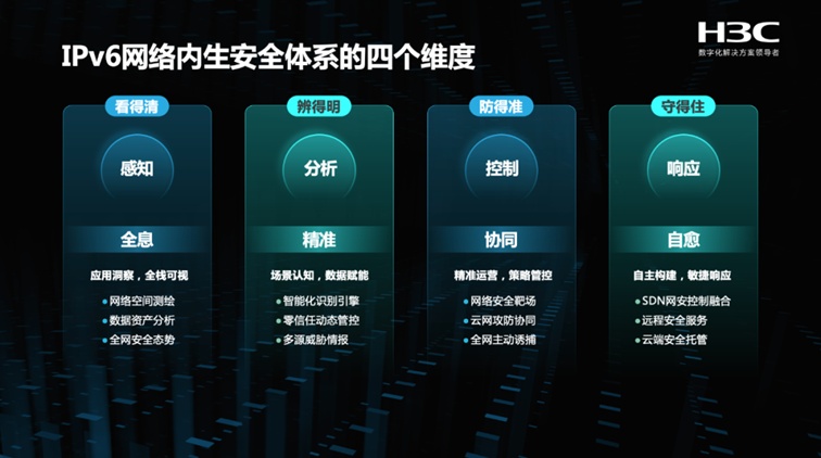 在網(wǎng)絡(luò)的安全方面,IPv6新協(xié)議架構(gòu)也將帶來安全領(lǐng)域的技術(shù)創(chuàng)新和體系架構(gòu)變革,從而為解決IPv6+時代的網(wǎng)絡(luò)的安全問題提供新思路、新方法和新手段。新華三基于IPv6+內(nèi)置安全屬性和安全技術(shù)創(chuàng)新來構(gòu)建適用于IPv6+時代的網(wǎng)絡(luò)的安全體系,并提出了“四維一體” IPv6+網(wǎng)絡(luò)內(nèi)生安全體系,從感知維解決應(yīng)用洞察和全??梢?,從分析維解決場景認知和數(shù)據(jù)賦能,從控制維解決精準運營和策略管控,從響應(yīng)維解決自主構(gòu)建,敏捷響應(yīng)。
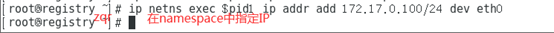 ip netns exec $pid1 ip addr add172.17.0.100/24 dev eth0
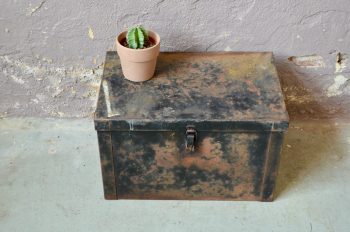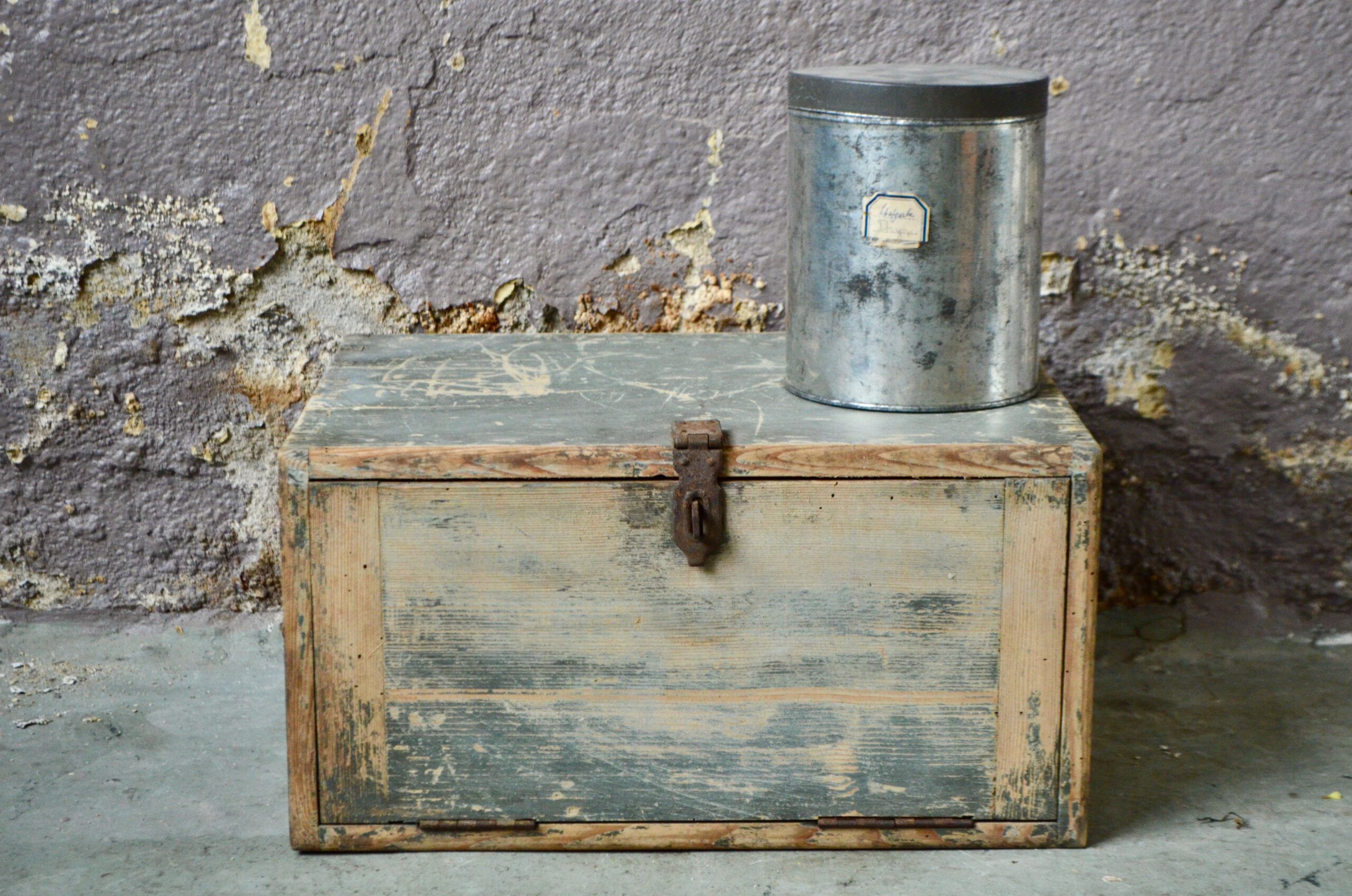 La malle est en bois massif. Elle est très ancienne. La peinture d’origine orange est très patiné et a beaucoup de charme. L’ensemble est sain et en bel état. Des poignées et des loquets fonctionnels sont présents.
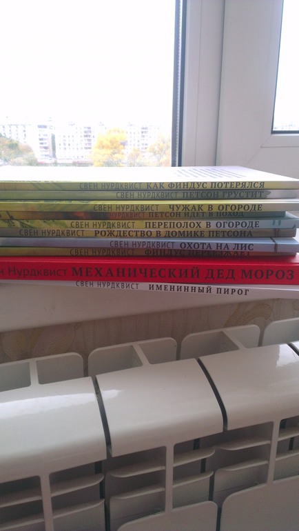 дошкольникамНа днях попросила жену брата дать нам на пробу одну книжку про Петсона и Финдуса. Она как-то давно мне их нахваливала, но мне было не очень актуально, так как старший только родился. Сейчас решила опробовать, попросила одну. Думала, если пойдет - куплю все остальное. Вчера брат звонит в дверь. в руках пакет - они нам купили в подарок всю серию. Я в обмороке-))
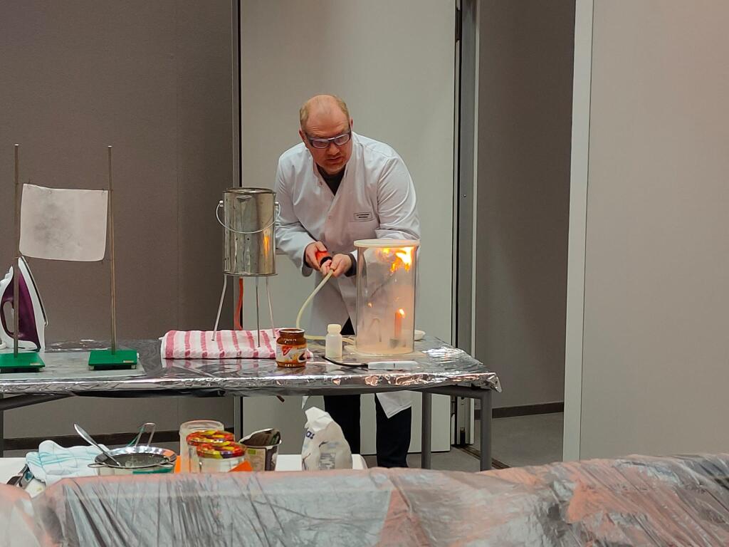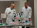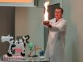 Zum Thema "Milch" zeigt Dr. Stefan Stucky, Dr. Jan-Bernd Haas und Maximilian Fleige interessante Experimente wie die Milchtütenrakete, die Herstellung künstlicher Milch aus Bariumchlorid und Natriumsulfat oder wie man Milch für eine Geheimschrift nutzen kann. Außerdem wurden fluoreszierende Stoffe aus der Milch gezeigt und die Methanmamba aus Kuhausscheidungen durfte auch nicht fehlen.

## Task
Please reproduce each entry above word for word and keep the pictures out of the copy.

## Response area
 在網(wǎng)絡(luò)的安全方面,IPv6新協(xié)議架構(gòu)也將帶來安全領(lǐng)域的技術(shù)創(chuàng)新和體系架構(gòu)變革,從而為解決IPv6+時代的網(wǎng)絡(luò)的安全問題提供新思路、新方法和新手段。新華三基于IPv6+內(nèi)置安全屬性和安全技術(shù)創(chuàng)新來構(gòu)建適用于IPv6+時代的網(wǎng)絡(luò)的安全體系,并提出了“四維一體” IPv6+網(wǎng)絡(luò)內(nèi)生安全體系,從感知維解決應(yīng)用洞察和全??梢?,從分析維解決場景認知和數(shù)據(jù)賦能,從控制維解決精準運營和策略管控,從響應(yīng)維解決自主構(gòu)建,敏捷響應(yīng)。
 ip netns exec $pid1 ip addr add172.17.0.100/24 dev eth0
 La malle est en bois massif. Elle est très ancienne. La peinture d’origine orange est très patiné et a beaucoup de charme. L’ensemble est sain et en bel état. Des poignées et des loquets fonctionnels sont présents.
 дошкольникамНа днях попросила жену брата дать нам на пробу одну книжку про Петсона и Финдуса. Она как-то давно мне их нахваливала, но мне было не очень актуально, так как старший только родился. Сейчас решила опробовать, попросила одну. Думала, если пойдет - куплю все остальное. Вчера брат звонит в дверь. в руках пакет - они нам купили в подарок всю серию. Я в обмороке-))
 Zum Thema "Milch" zeigt Dr. Stefan Stucky, Dr. Jan-Bernd Haas und Maximilian Fleige interessante Experimente wie die Milchtütenrakete, die Herstellung künstlicher Milch aus Bariumchlorid und Natriumsulfat oder wie man Milch für eine Geheimschrift nutzen kann. Außerdem wurden fluoreszierende Stoffe aus der Milch gezeigt und die Methanmamba aus Kuhausscheidungen durfte auch nicht fehlen.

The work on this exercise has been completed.